The sound was no longer a lonely heartbeat. It was a drum. Outside the window, the black mist didn’t just retreat — it evaporated. The sunlight hitting the glass seemed to sharpen, turning from a pale dawn-grey to a rich vibrant gold. Down in the Vale, I heard the distant, unmistakable sound of a bell ringing. One, then two, then a chorus.
“The internal locks,” Soren whispered, his grip on me loosening as he stared out the window. “The estate, the village, everything is settling back into the current timeline.”
I leaned back against him, my legs feeling like jelly. The lavender light beneath my skin was flickering, exhausted, but I felt a strange sense of completion. I looked up at the clock face and gasped.
A small compartment beneath the number twelve had slid open. Inside sat a single, pristine envelope made of heavy parchment, sealed with a wax stamp of a clock tower.
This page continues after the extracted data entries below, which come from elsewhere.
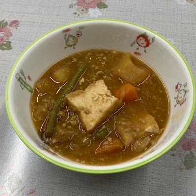 トマトベースの洋風煮物 豚肉、ジャガイモ、タマネギ、ニンジン、お豆の具材で賑やかな味わい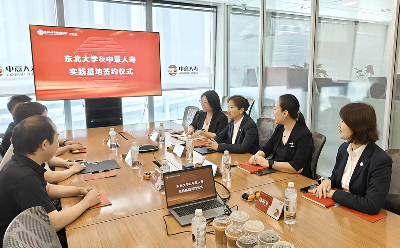 2025年7月10日,为深化产教融合,创新人才培养模式,东北大学与中意人寿保险有限公司辽宁省分公司(以下简称“中意人寿”)共建实践教学基地签约仪式隆重举行。东北大学工商管理学院实验中心副主任陈晓琳老师、实验中心朱茂龙老师,工商管理专业本科课程项目主任、组织管理系副主任闫佳祺副教授出席签约活动。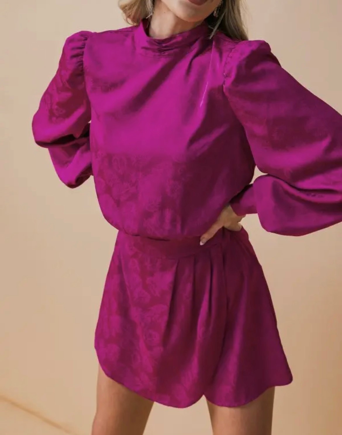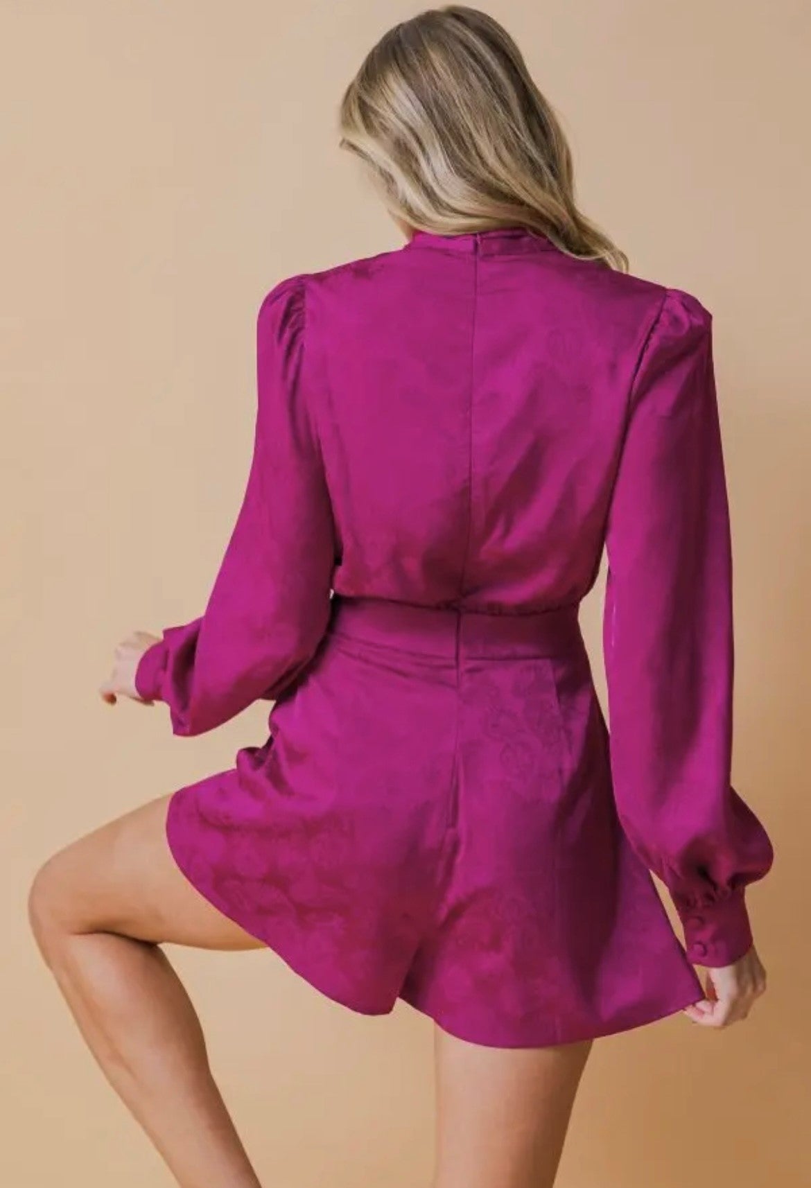A jacquard satin romper featuring high neckline with ruching, puff long sleeve with cuff, skort with front overlay and back zipper closure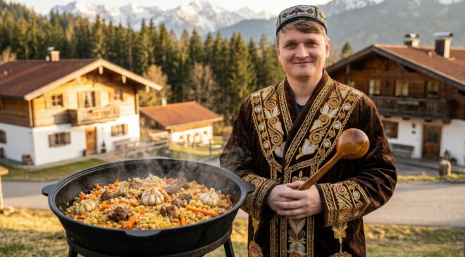 Auch beim Essen kann man über den Tellerrand eingefleischter Gewohnheiten schauen. Vor Ort wird Plov, ein Eintopf aus Rindfleisch mit Reis und besonderen Gewürzen, im Kessel zubereitet. Auch mit Samsa, Rindfleisch in Blätterteig, und Baursaki, einer Art salzigem Krapfen, kann exotische Kultur geschmeckt werden. Ebenso steht eine zentralasiatische Teezeremonie auf dem vielfältigen Programm, das unter der Leitung von Malika Naumova von den Stiftungsratsmitgliedern der Bürgerstiftung Landshut verantwortet wird.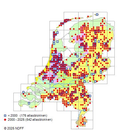 Het aantal atlasblokken (5x5 km) waarin de soort is gemeld binnen een periode van vijf jaar (vanaf 1980) of twintig jaar. Niet gecorrigeerd voor waarnemersinspanning en het aantal doorgegeven waarnemingen kan sterk variëren per periode, dus een trend in verspreiding kan hier niet direct uit worden afgelezen. Het opgegeven jaartal is het eerste jaar van de periode. Bron: gevalideerde waarnemingen uit de NDFF.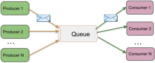- 发送到队列中的消息被一个而且仅仅一个接收者所接收,即使有多个接收者在同一个队列中侦听同一消息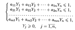 Аналогично второму игроку оптимальная стратегия yj оптдолжна обеспечить при любых стратегиях первого игрока проигрыш, не превышающий цену игры, т.е. справедливо соотношение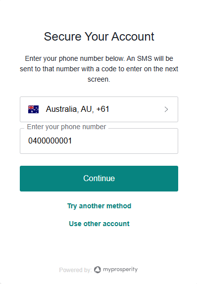 In this article, SMS is the option selected. Enter your mobile number and select 'Continue'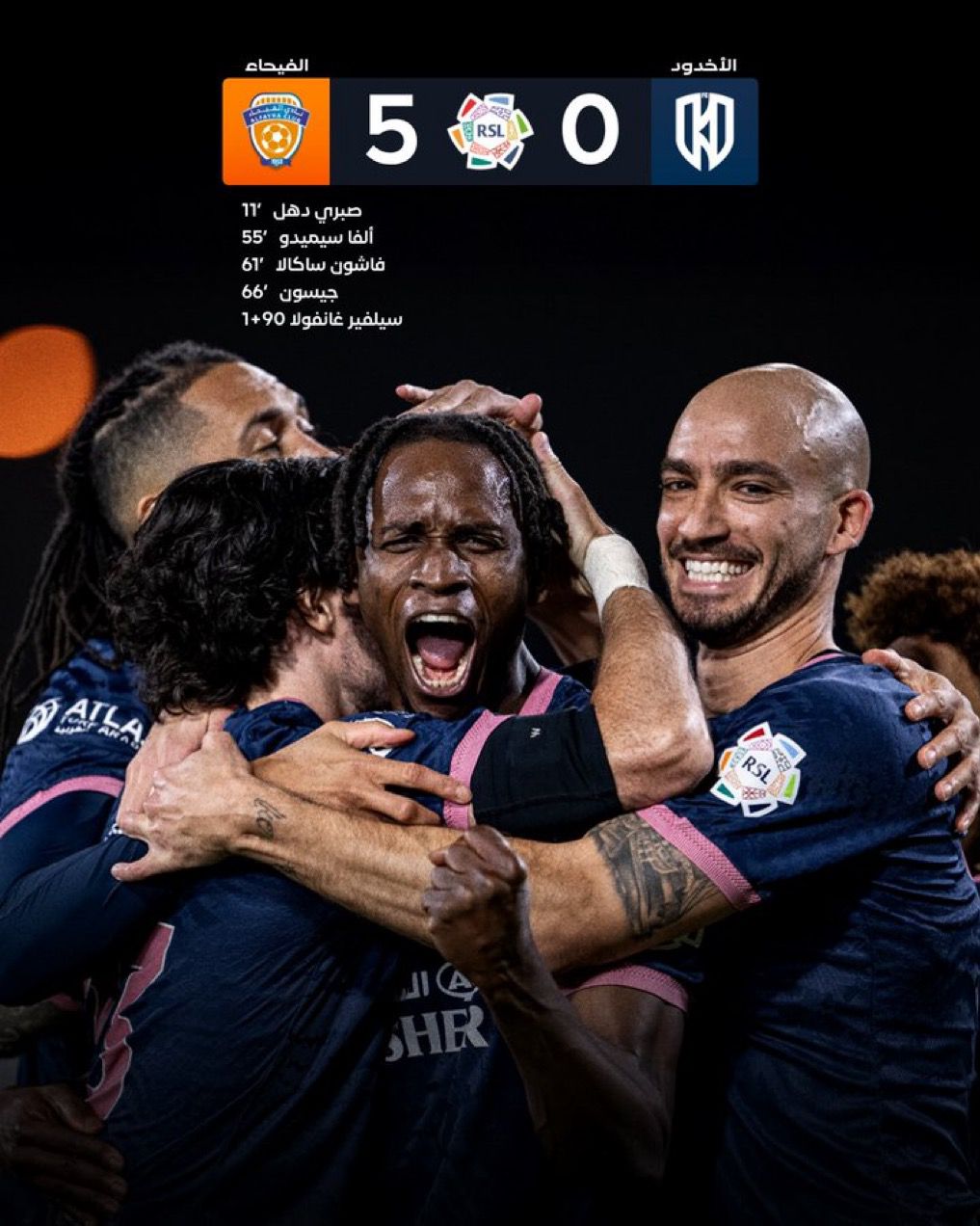 سجل أهداف الفيحاء صبري دهل (11)، وسجل ألفا سيميدو الهدف الثاني (56)، وعاد فاشيون ساكالا لتسجيل الهدف الثالث (63)، وجاء الهدف الرابع عن طريق جايسون (67)، وسجل سيلفر جانفولا الهدف الخامس (90).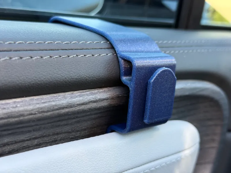 The window clips lets you hang a cup holder from the window sill. There's actually a small gap with weather stripping it fits into, separate from where the window is. When it's installed it sits a few millimeters away from the window and does not affect its use. The wood trim on the doors actually protrudes slightly beyond everything else, so I designed the clip to rest on the leather portion to not scratch the wood.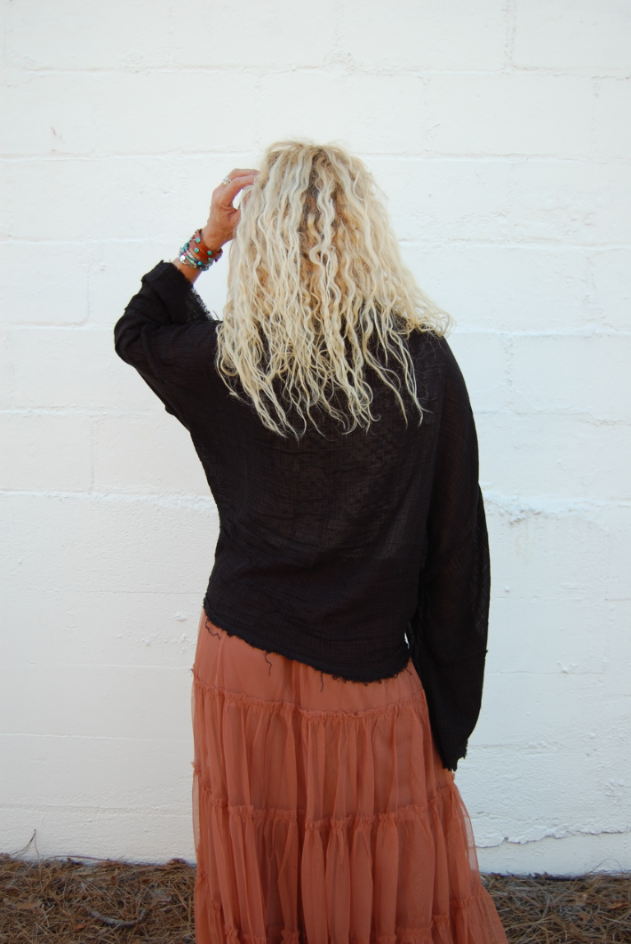 This Bohemian Dream Kimono is the perfect stylish layering piece to add to your closet, and or any on-trend bohemian style outfit! Giving your look a trendy element, this kimono makes a statement with its beautiful hand knit fabric detail, and lightly frayed and fringe detailing. This lightweight and breathable kimono is the perfect piece for any season!

“She left something,” I breathed.
Before I could reach for it, a shimmering projection began to form in the center of the room. It was faint at first, like a heat haze, but it solidified into the shape of a woman.
This projection of Rosariel wore silver and gold robes, and she didn’t flicker and glitch the way the one yesterday had. Her eyes landed right on the space where I stood, and a small, sad smile touched her lips.
“If you’re hearing this,” her voice echoed, clear and resonant, “then the gears are turning again. My descendants have returned to the realm. But listen closely, my starlight. The Weavers now have a map, and you’re the North Star.”
“She always knew,” I whispered, reaching out to touch the shimmering image of the woman who had started it all. “She knew she’d leave the realm, and she knew one day, her descendants would return.”